Hi Johannes,
It just seemed that people do want to have a netdev (if only to see that
their driver loaded and use ethtool to dump the firmware version), and
then you can reassign it to some actual context later?
I can see that this is useful for developers, but really
counterproductive in production. You have a bunch of services (systemd,
NM, ConnMan, dhcpcd, etc, etc, etc) all observing the newly created
devices and trying to 'own' them. Which makes no freaking sense to do
until those devices are really usable. Just because it is a netdev,
doesn't mean it is ethernet or behaves like it.
That also leads to expectations from users that want stuff like
udev-consistent-naming to work, even though udev has no idea wtf a given
device is, when it is ready or not ready, etc. And the flip side, there
may be systems that do not use systemd/udevd, so the daemons responsible
for management of such devices cannot sanely assume anything. It is
just pure chaos.
And then there's hotplug/unplug to worry about ;)
So I would like to reiterate Marcel's point: creating unmanaged devices
should not be the default behavior.
It doesn't really matter much.

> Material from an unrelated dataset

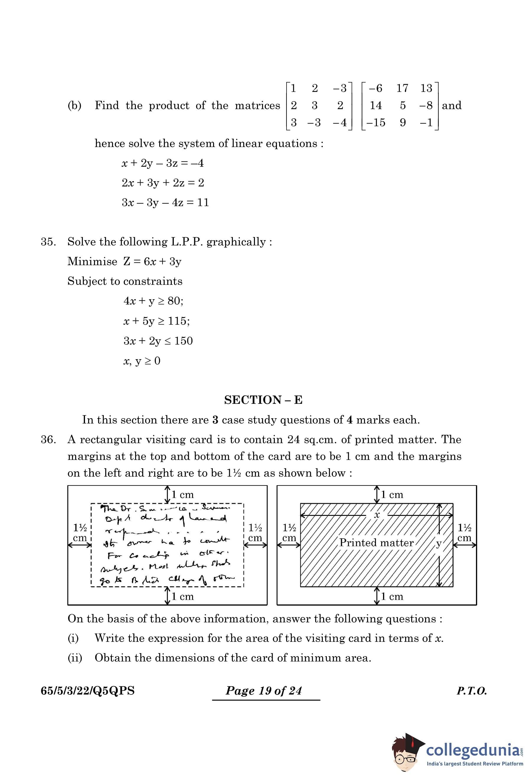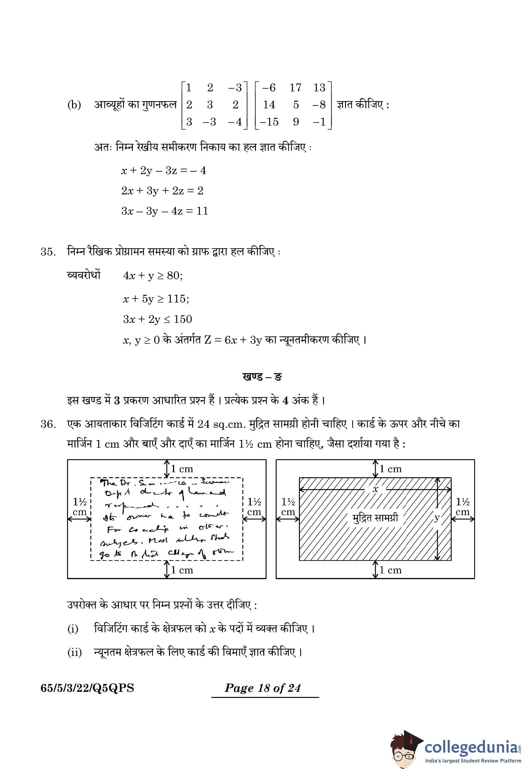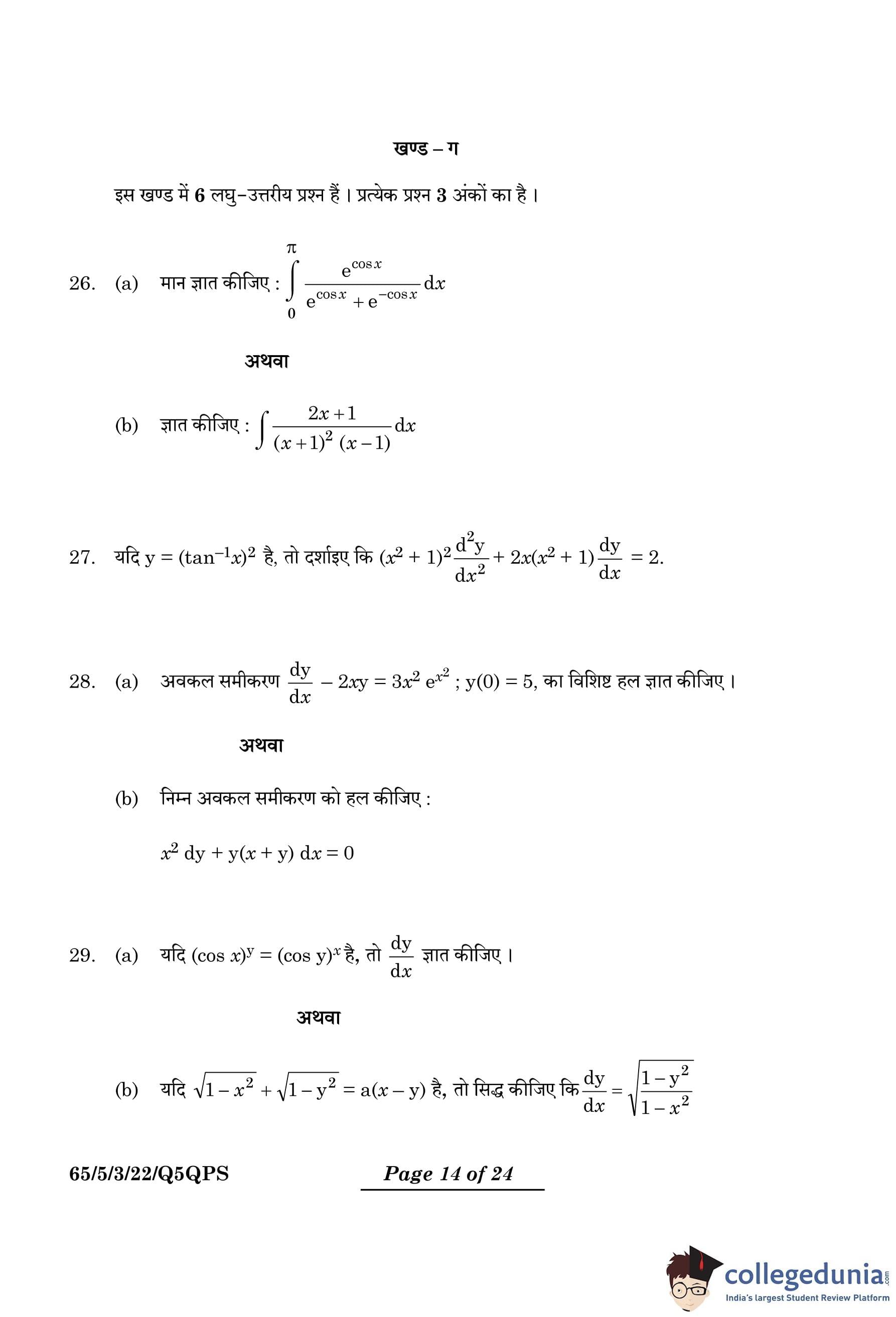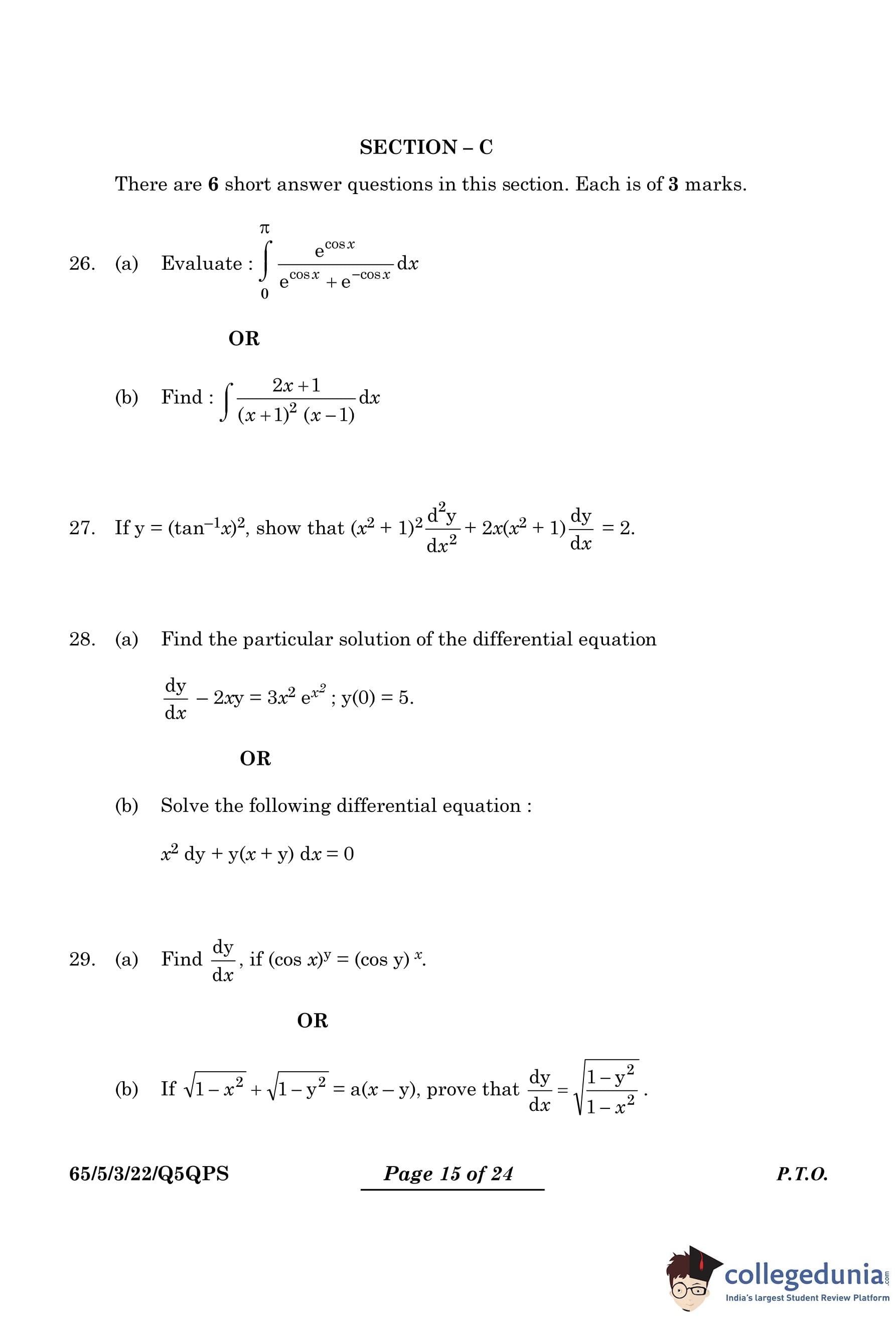 | CBSE Class 12 2024 Mathematics Question Paper with Answer Key | Check Solution |

If you have a control channel and higher-
level abstraction (wwan device) then having the netdev is probably more
of a nuisance and mostly irrelevant, just might be useful for legacy
reasons.
Which we should be trying to eradicate, not encourage ;)

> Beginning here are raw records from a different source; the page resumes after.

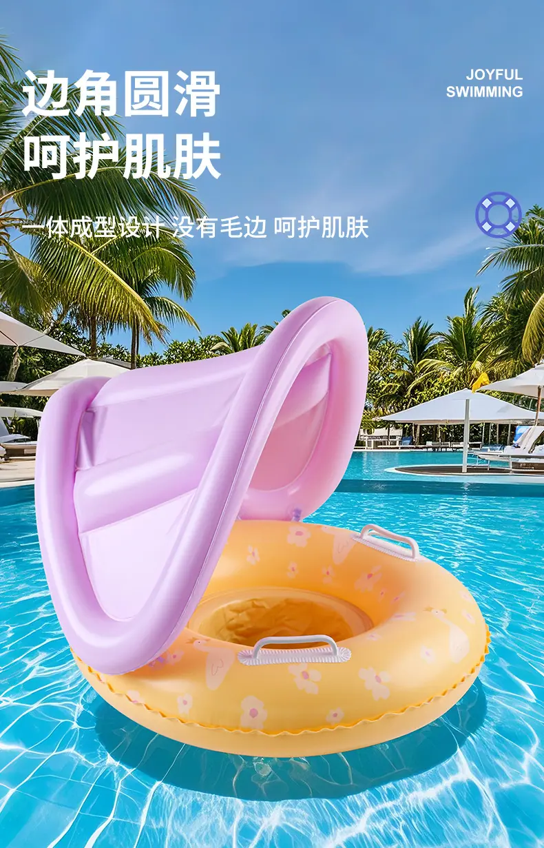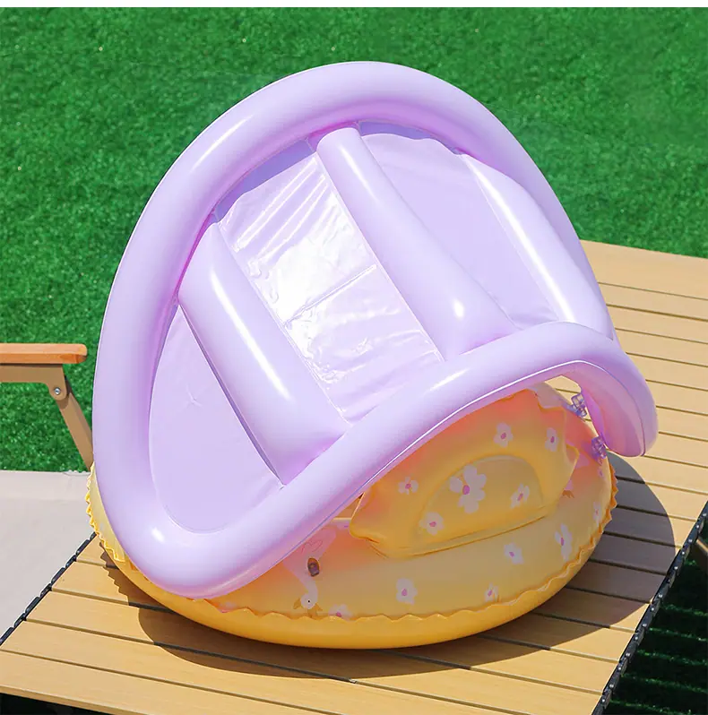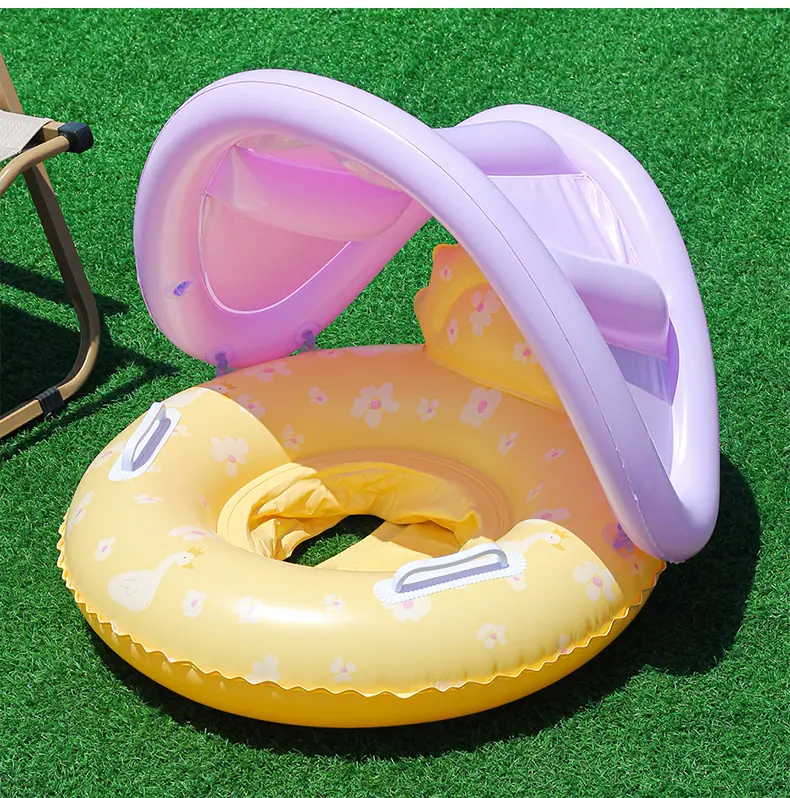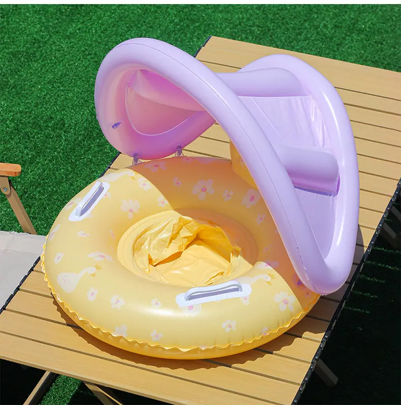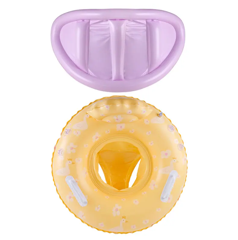 Novo Assento Infantil Amarelo com Estampa de Flor e Proteção Solar com Alça e Encosto Confiável Assento Inflável para Água para Bebê Atacado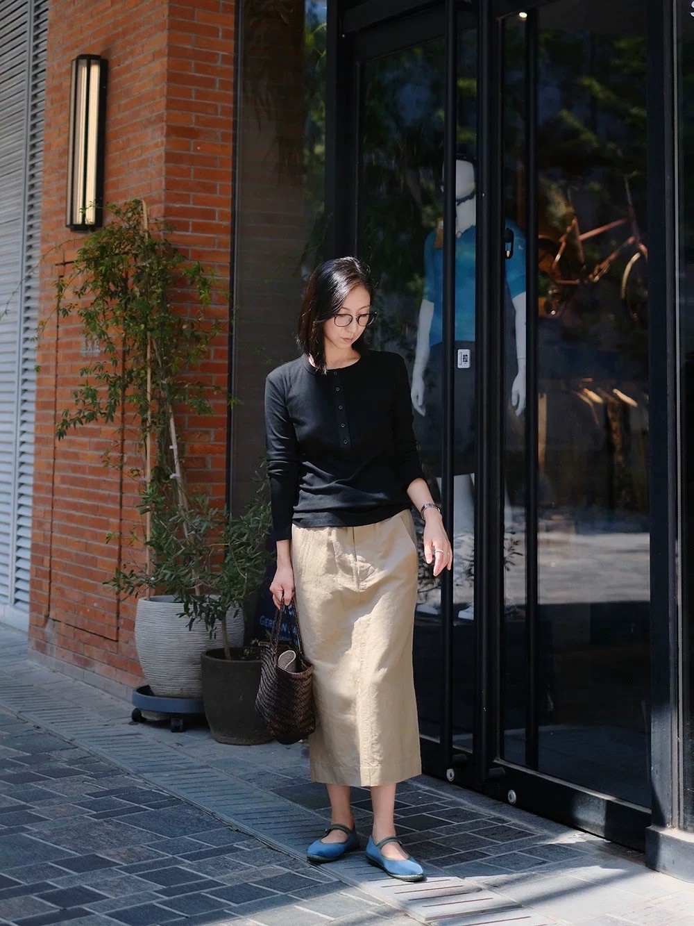 修身款式的黑色上衣,視覺上可以顯瘦一圈,搭配卡其色直筒長裙,讓彩色鞋子成為“主角”,吸引力拉滿!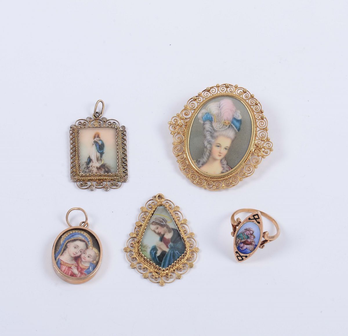 Lotto comprendente anello, spilla, 3 pendenti miniature smalti oro e filigrana dorata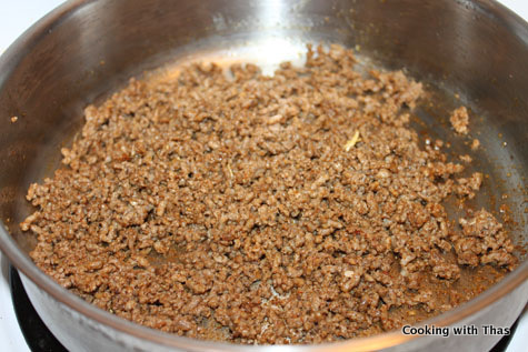 - Add the ground beef and break the lumps, cook till the pink color has changed.

Should you really need to account for these specially, or would some
kind of sysfs linkage like SET_NETDEV_DEV() be more appropriate?
Really all you want to do is (a) identify which WWAN device a given
control/data channel is for and (b) perhaps tag different control/data
channels with attributes like primary/secondary/gps/sim/etc often
through USB attributes or hardcoded data on SoCs.
Userspace can also choose to do its own multiplexing, so you can't even
really assume the above is what you 'want'.